_ACTIVITY:_ Pictures should be left out when the listing below is repeated word for word.

_INFORMATION SUPPLIED:_
::::
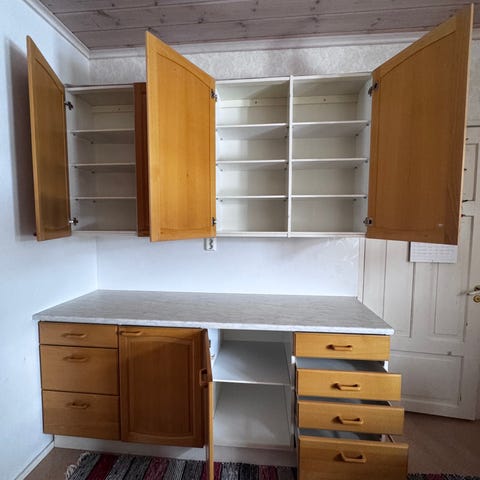 Kaappi valkoinen kippiovella.
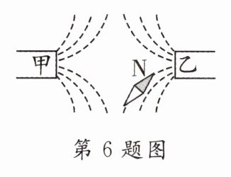 6. [金华中考]甲、乙为不同条形磁铁的两个磁极,弧线是部分未标方向的磁感线,如图所示. 根据图中小磁针静止时的指向判断甲、乙的磁极,下列描述正确的是 ( )
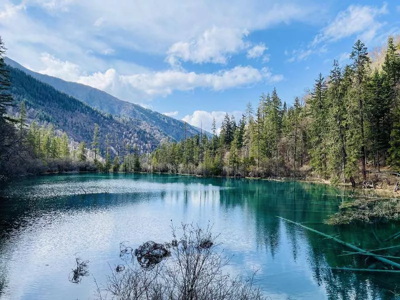 青龙海是景区的第二大海子,这里湖光山色,郁郁葱葱,林间错落有致的吊麦杉、云杉、雪松及高山冷箭竹、杜鹃树、地苔 、海风藤等等,就是一道道美不胜收的风景。
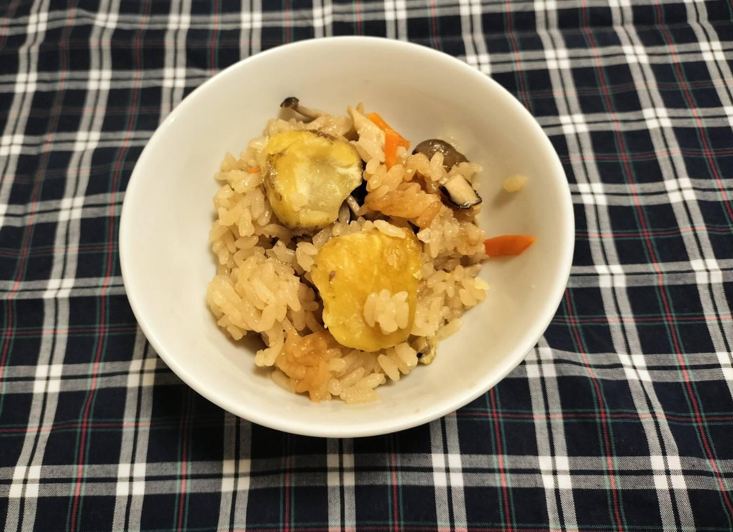 まずは定番栗ご飯!と思ったのですが、うちの子どもたちはあまり栗ご飯はお好みでない...。きのこを入れてお出汁とおしょうゆでしっかり味がついた「栗ときのこの炊き込みご飯」にしてみました。
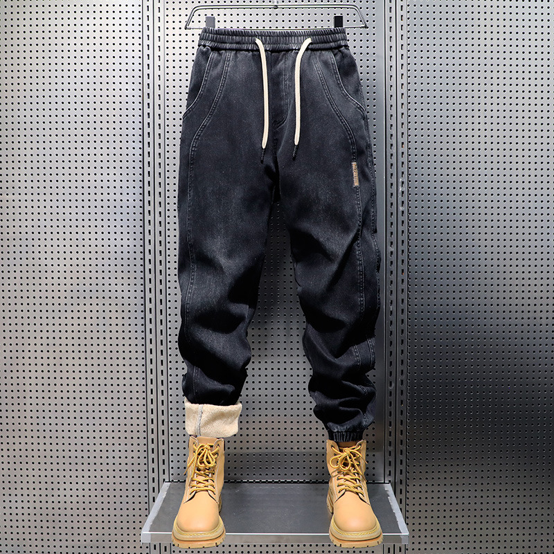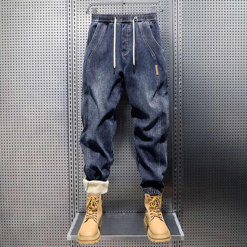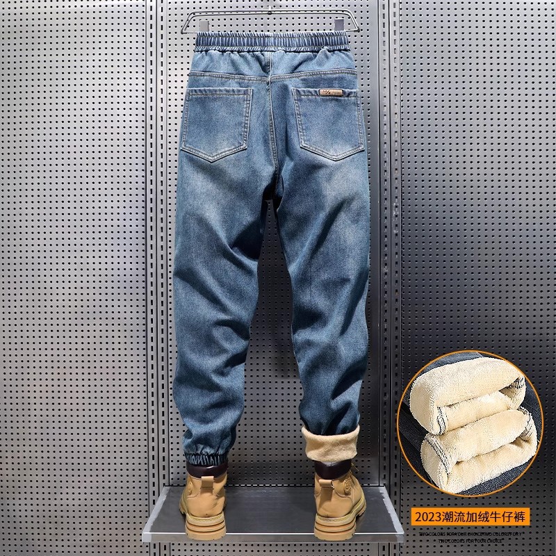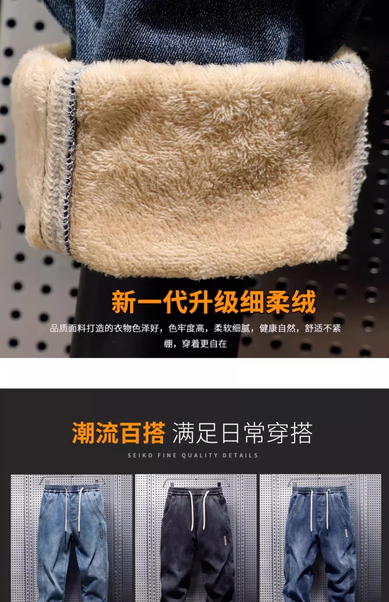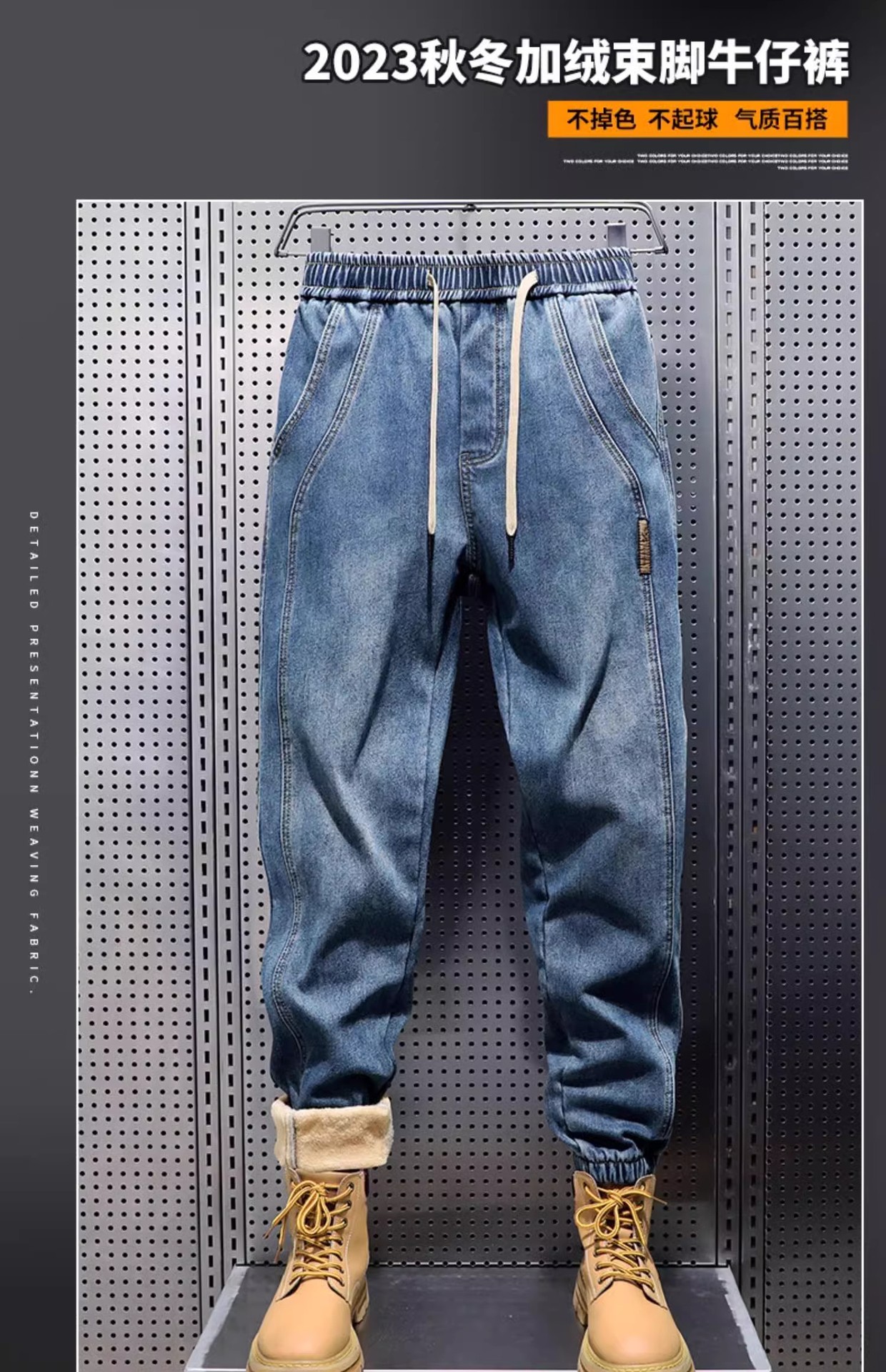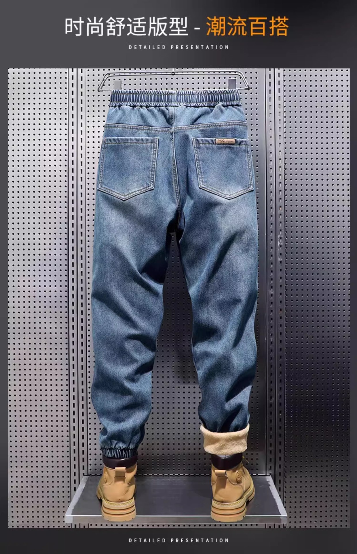 Утолщенные мужские джинсы на флисовой подкладке, осень-зима 2024, морозостойкая теплая флисовая верхняя одежда, мужские шаровары для бега
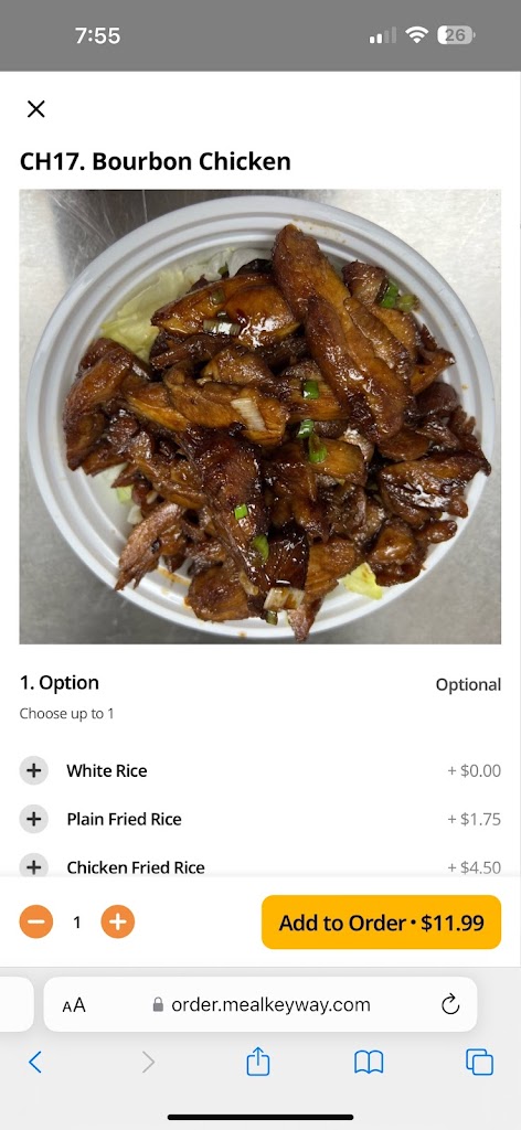 Asked for White Rice upon ordering. Got my order and got Chicken fried rice,my Wife doesn't like Chicken Fried Rice,(that was the reason for ordering White Rice) went to the counter and brought it to their attention! She informed me that they were going to have to charge me! I told her that I specifically ordered White Rice but WHATEVER!! I was not happy and went away from the counter in a huff and other customers knew I was not happy!! Needless to say she finally did bring me out White Rice and didn't charge me!! This place has kind of gone down hill since they opened!! Kind of not a fan of theirs anymore!!☹️☹️
::::
_TASK RESPONSE:_
 Kaappi valkoinen kippiovella.
 6. [金华中考]甲、乙为不同条形磁铁的两个磁极,弧线是部分未标方向的磁感线,如图所示. 根据图中小磁针静止时的指向判断甲、乙的磁极,下列描述正确的是 ( )
 青龙海是景区的第二大海子,这里湖光山色,郁郁葱葱,林间错落有致的吊麦杉、云杉、雪松及高山冷箭竹、杜鹃树、地苔 、海风藤等等,就是一道道美不胜收的风景。
 まずは定番栗ご飯!と思ったのですが、うちの子どもたちはあまり栗ご飯はお好みでない...。きのこを入れてお出汁とおしょうゆでしっかり味がついた「栗ときのこの炊き込みご飯」にしてみました。
 Утолщенные мужские джинсы на флисовой подкладке, осень-зима 2024, морозостойкая теплая флисовая верхняя одежда, мужские шаровары для бега
 Asked for White Rice upon ordering. Got my order and got Chicken fried rice,my Wife doesn't like Chicken Fried Rice,(that was the reason for ordering White Rice) went to the counter and brought it to their attention! She informed me that they were going to have to charge me! I told her that I specifically ordered White Rice but WHATEVER!! I was not happy and went away from the counter in a huff and other customers knew I was not happy!! Needless to say she finally did bring me out White Rice and didn't charge me!! This place has kind of gone down hill since they opened!! Kind of not a fan of theirs anymore!!☹️☹️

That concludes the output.